▶ [Data provided]:
== Segment start ==
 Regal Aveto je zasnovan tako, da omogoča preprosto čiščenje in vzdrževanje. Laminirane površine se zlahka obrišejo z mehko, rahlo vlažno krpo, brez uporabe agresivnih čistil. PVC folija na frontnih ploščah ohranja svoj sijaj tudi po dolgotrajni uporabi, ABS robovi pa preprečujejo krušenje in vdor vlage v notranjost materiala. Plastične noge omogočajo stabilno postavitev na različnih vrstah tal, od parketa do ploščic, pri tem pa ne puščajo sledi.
== Segment end ==
== Segment start ==
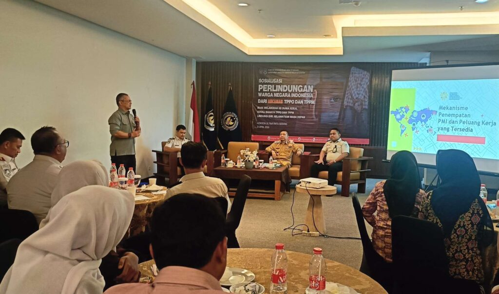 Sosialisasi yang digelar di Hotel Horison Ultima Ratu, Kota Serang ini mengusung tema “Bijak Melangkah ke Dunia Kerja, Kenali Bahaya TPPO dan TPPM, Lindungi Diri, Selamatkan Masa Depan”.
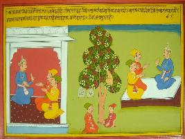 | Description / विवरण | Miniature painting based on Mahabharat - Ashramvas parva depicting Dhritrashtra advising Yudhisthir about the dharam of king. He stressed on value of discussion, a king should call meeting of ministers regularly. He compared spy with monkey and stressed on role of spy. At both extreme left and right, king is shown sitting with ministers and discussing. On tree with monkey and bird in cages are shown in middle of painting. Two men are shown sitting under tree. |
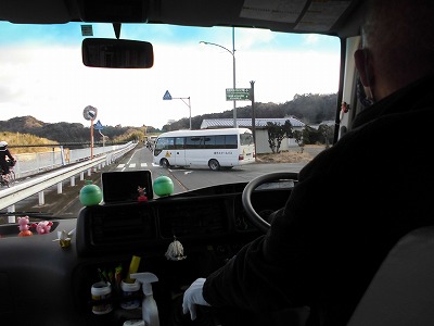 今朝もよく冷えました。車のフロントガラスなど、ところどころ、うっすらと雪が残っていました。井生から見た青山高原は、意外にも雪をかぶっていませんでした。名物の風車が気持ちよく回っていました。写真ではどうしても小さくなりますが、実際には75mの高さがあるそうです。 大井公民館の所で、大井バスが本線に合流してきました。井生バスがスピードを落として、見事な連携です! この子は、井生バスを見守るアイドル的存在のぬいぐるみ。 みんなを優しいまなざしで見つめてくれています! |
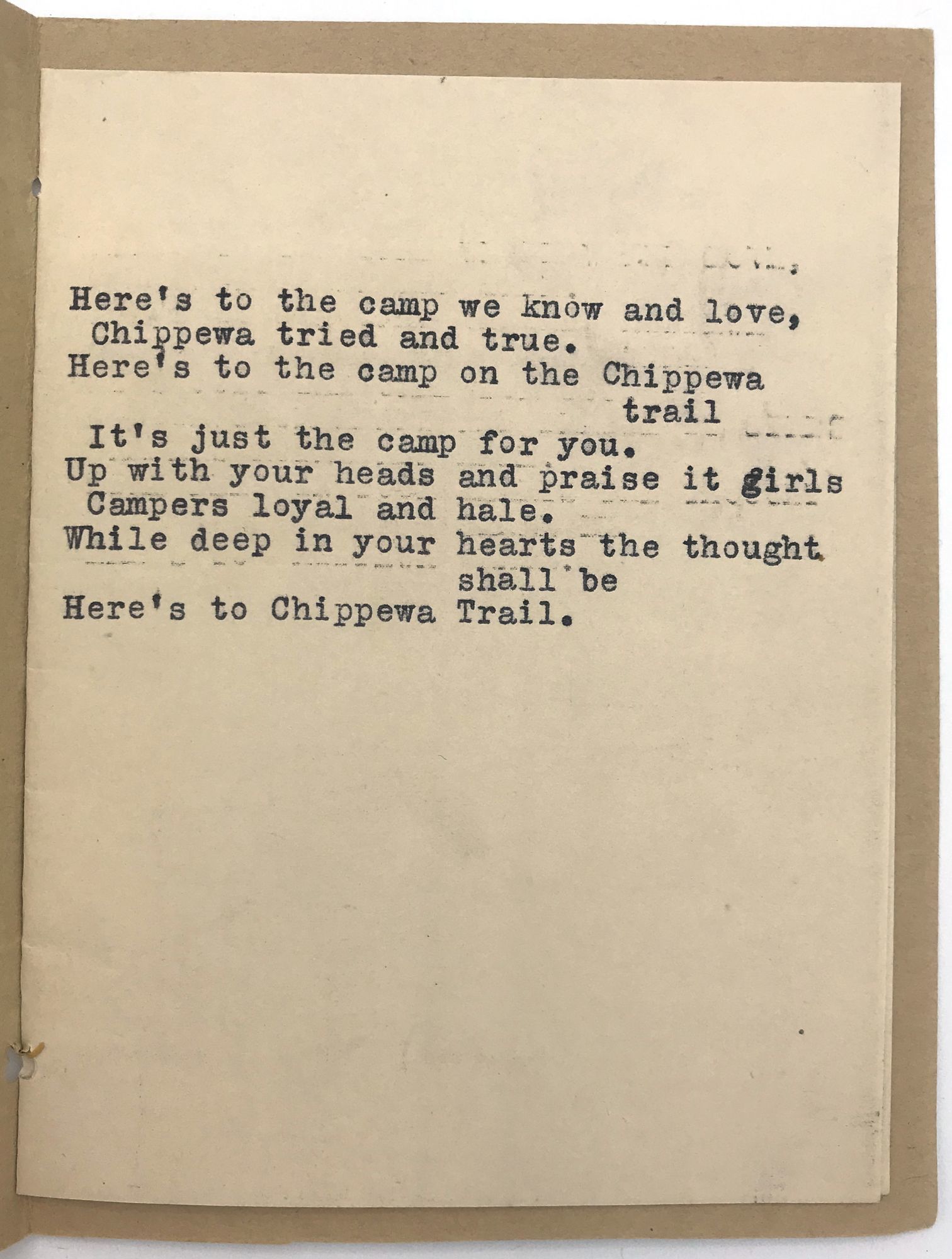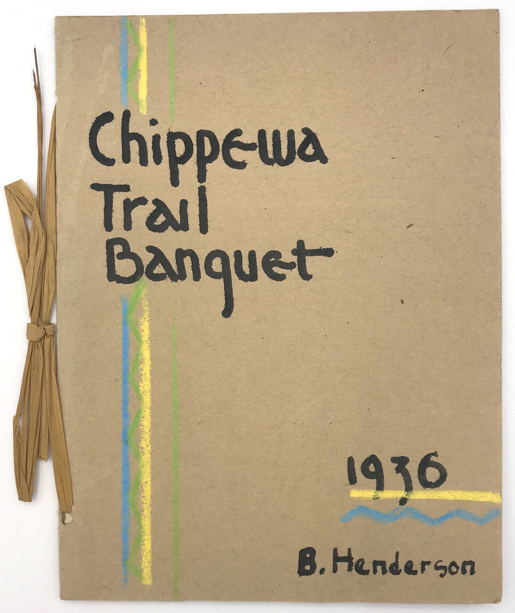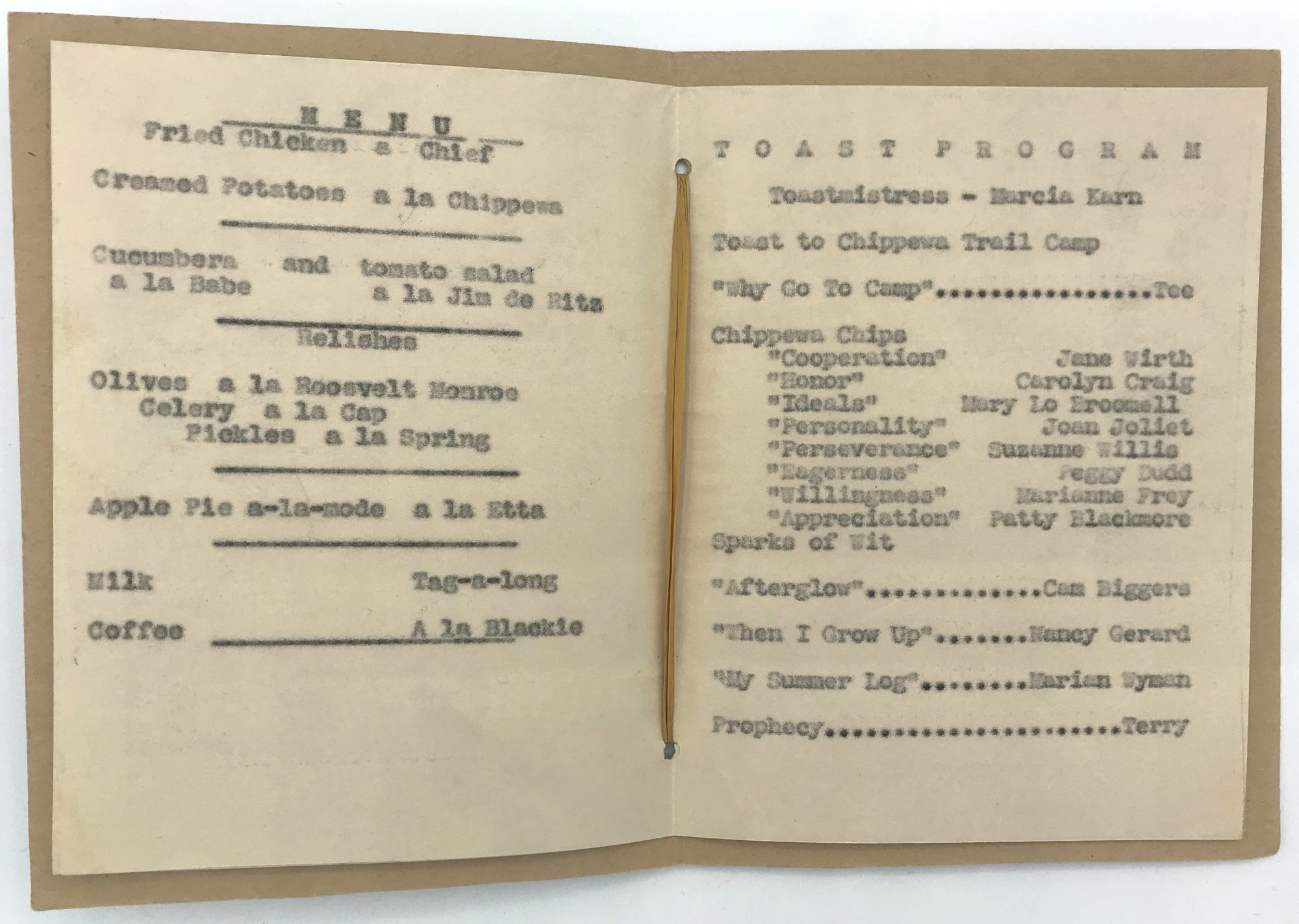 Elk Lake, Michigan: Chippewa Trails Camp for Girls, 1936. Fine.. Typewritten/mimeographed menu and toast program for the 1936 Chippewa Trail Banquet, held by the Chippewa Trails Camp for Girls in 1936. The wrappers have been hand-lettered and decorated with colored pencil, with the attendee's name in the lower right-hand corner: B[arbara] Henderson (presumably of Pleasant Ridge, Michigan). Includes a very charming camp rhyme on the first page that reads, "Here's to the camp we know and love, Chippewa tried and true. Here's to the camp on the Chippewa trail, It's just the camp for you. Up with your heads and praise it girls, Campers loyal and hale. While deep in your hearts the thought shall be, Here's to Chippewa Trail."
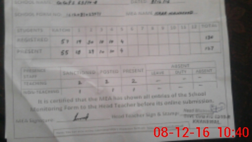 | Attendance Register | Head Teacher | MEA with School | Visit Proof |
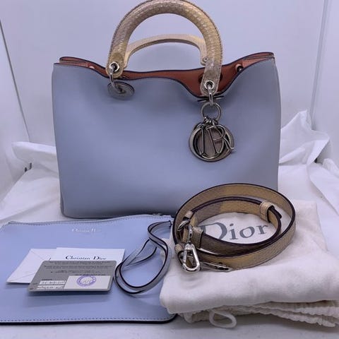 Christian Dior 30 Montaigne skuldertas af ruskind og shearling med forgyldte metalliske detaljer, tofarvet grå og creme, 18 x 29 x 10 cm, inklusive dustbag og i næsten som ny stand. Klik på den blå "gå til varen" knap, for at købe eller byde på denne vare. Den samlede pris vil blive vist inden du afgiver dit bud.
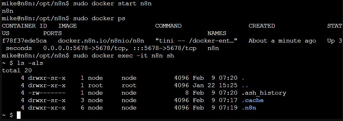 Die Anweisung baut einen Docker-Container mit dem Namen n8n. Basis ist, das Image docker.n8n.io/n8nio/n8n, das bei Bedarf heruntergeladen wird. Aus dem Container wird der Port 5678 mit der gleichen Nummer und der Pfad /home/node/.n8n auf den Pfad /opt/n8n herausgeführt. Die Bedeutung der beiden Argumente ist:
== Segment end ==
▶ [Instructions to follow]: Above, find the line with "Visit Proof |"; copy it and every line down to the line with "Christian Dior 30", exactly and both included, but no pictures.

▶ [The completed task]:
 | Attendance Register | Head Teacher | MEA with School | Visit Proof |
 Christian Dior 30 Montaigne skuldertas af ruskind og shearling med forgyldte metalliske detaljer, tofarvet grå og creme, 18 x 29 x 10 cm, inklusive dustbag og i næsten som ny stand. Klik på den blå "gå til varen" knap, for at købe eller byde på denne vare. Den samlede pris vil blive vist inden du afgiver dit bud.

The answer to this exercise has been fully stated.